Gli occhi verdi di Masa somigliano a quelli della ragazza afghana fotografata da Steve McCurry. Sono meno spaventati, forse perché confortati dalle cure di mamma Amani, che la avvolge con dolcezza nel suo manto nero. Qui non la vediamo, ma a destra c’è anche la gemella Malaz, che ha 7 anni come lei. Sono sfuggite, insieme, alle bombe chimiche di Douma lanciate dal regime di Assad. La foto è apparsa ieri sul «Sunday Times» in un reportage dalla Siria del Nord, dove la famiglia di Masa è stata evacuata. 
Il giornale britannico ha raccolto per primo le testimonianze su ciò che è accaduto sabato 7 aprile. Erano circa le sei di sera quando la famiglia di Masa e Malaz si trovava nascosta nello scantinato di casa con 75 vicini: «Le bombe quella sera erano davvero forti», ha ricordato mamma Amani, 34 anni. Esplosioni e polvere.
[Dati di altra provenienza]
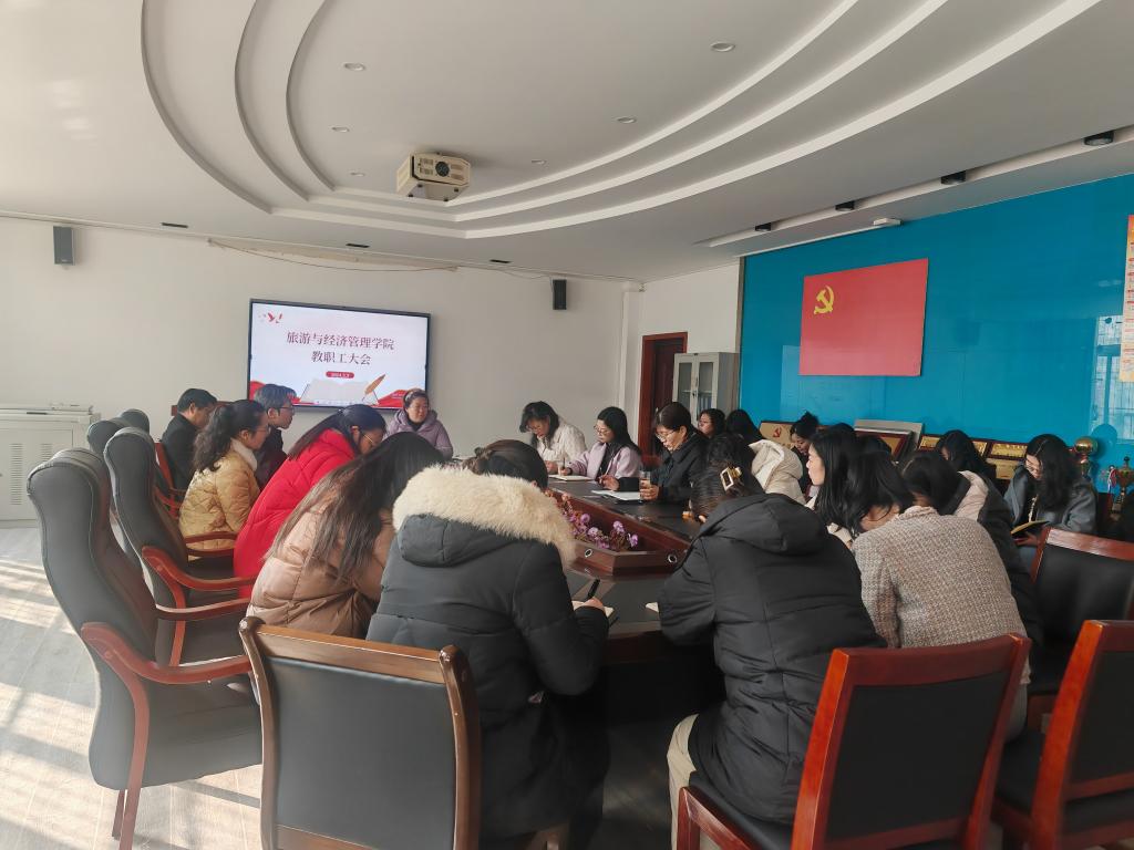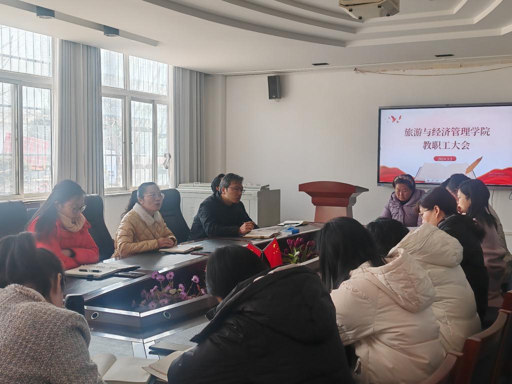 3月3日上午,旅游与经济管理学院在霞客楼会议室召开新学期第一次教职工大会暨新年收心会,会议由院长曾建平同志主持,经管学院全体教职工参加会议。

Poi tutto sembra tornare tranquillo, quando si sentono due colpi sordi («come se qualcosa fosse precipitato»), seguiti da un sibilo. Due giovani corrono fuori a vedere cosa succede, ma tornano subito indietro urlando: «Gas, gas! Uscite!». Nessuno ha dimenticato i 1.400 morti della vicina Ghouta, vittime del gas nervino nel 2013. Dunque a quel punto, mentre suo marito Diaa, malato di diabete, lascia che sia il fratello ad afferrare Malaz per portarla via, Amani prende per mano Masa e salendo per le scale si inoltra dentro una nuvola bianca maleodorante (probabilmente un misto di cloro e nervino).
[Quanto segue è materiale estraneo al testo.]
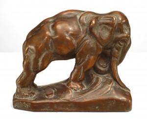 PAIR of Continental (possibly Austrian - 20th Century) bronze-patinated copper bookends in the form of elephants. (PRICED AS PAIR)

«Il gas era piccante in gola come il peperoncino, vomitavo e tossivo, non si poteva respirare, le persone intorno cadevano per terra». Anche Amani perde i sensi per qualche istante, mentre Masa al suo fianco comincia a schiumare dagli angoli della bocca. «Sentivo di perdere le forze, non controllavo il mio corpo, tremavo». Ritrova il marito, il cognato e Malaz al secondo piano dell’edificio, dove alla fine crolla per terra, ma restando cosciente. Vede il buio e sente di respirare polvere e miasmi, le bombe continuano a precipitare e a far vibrare le pareti. Fatto sta che a un certo punto la famiglia si ritrova per strada, tra gente che arranca e piange sui corpi di parenti e amici immobili per terra. Altri gettano acqua sui corpi ancora vivi con le bocche ribollenti di schiuma bianca.
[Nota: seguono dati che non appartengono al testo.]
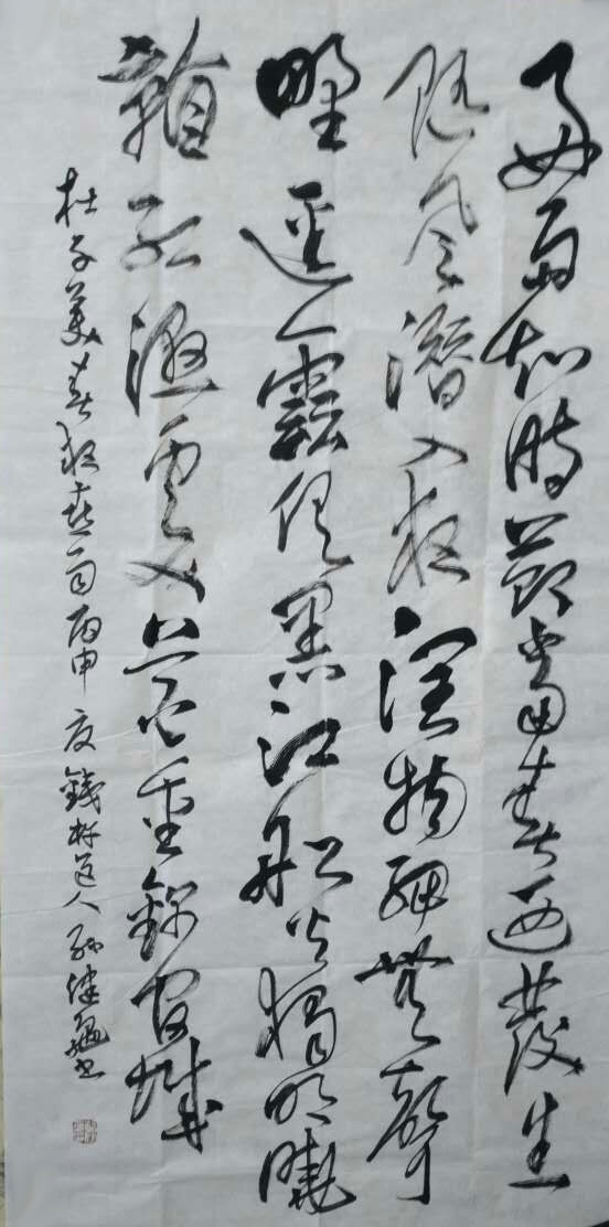 | 孫健龜,原名孫守兵,字半解,別號鐵杵道人。1959年出生,1987年無錫書法藝專畢業(yè),少小習書,雖在軍旅未嘗稍輟。得聆林散之、沈鵬、祝嘉、王冰石、金德欣、劉文華等名家教誨,其楷書臨習顏、歐旁及魏碑,其行草書宗法二王又深得懷素、王鐸之風韻。多次參加國際、全國展賽,獲全國總工會書賽一等獎、桂陵杯國際書賽一等獎、中國國際文學藝術(shù)[書法類]特別等級獎、中華炎黃書畫藝術(shù)大展最佳作品獎、世界華人展銀獎同時被授予“優(yōu)秀藝術(shù)家”稱號。1997年8月在徐州古彭藝術(shù)家畫廊成功的舉辦個人書展,作品曾多次在北京榮寶齋、軍事博物館、人民大會堂舉辦展覽。書法報、書畫報、人民日報、美術(shù)報、等報刊作了報道。作品入編入典《書畫選集》、《書畫精品集》、《書法家大辭典》、《世界華人書畫家大辭典》等60多部。作品散見于80余種報刊雜志中,作品流傳海內(nèi)外并被一些博物館收藏。系中國書法家協(xié)會會員、江蘇書法家協(xié)會會員、中國硬筆書法家協(xié)會會員、中國書畫家聯(lián)誼會理事、中國藝術(shù)研究院文研中心書畫師、中外書畫藝術(shù)協(xié)會客座教授、現(xiàn)代民族書畫家協(xié)會副主席、新世紀書畫研究院副院長、世界書畫篆刻家協(xié)會會員等。藝無止境,勇攀高峰。孫健龜自2014年從工作崗位上退休后就去了北京訪問學者、拜訪名師,還在中國人民大學就讀孫其峰、鄭曉華、張大林教授書畫高研班。

«Nel seminterrato della casa a fianco della nostra», ricorda Amani, «sono morti tutti perché non hanno sentito il gas». Quando il gas si è ritirato, i soccorritori hanno trovato negli scantinati cumuli di cadaveri ustionati e con la pelle squamata. Si sa che nelle tragedie c’è sempre qualcuno che è più fortunato di altri. La famiglia di Masa e Malaz riesce a raggiungere una clinica, tra morti e morenti, tra gente attaccata agli apparecchi respiratori e altri che si spruzzano d’acqua. «Ho visto un dottore in lacrime perché aveva solo tre medicine per 40 pazienti». Per le gemelle, che ormai respirano a fatica, ci sono ancora due siringhe. Malaz con il suo orsacchiotto e Masa con il volpino di peluche tra le mani ci guardano, sembrano stanche ma serene. Se non fosse per il manto nero di mamma Amani, quasi un avvertimento, potrebbero essere figlie nostre che dopo aver corso tutto il pomeriggio in giardino stanno per addormentarsi nei loro lettini e fare sogni d’oro.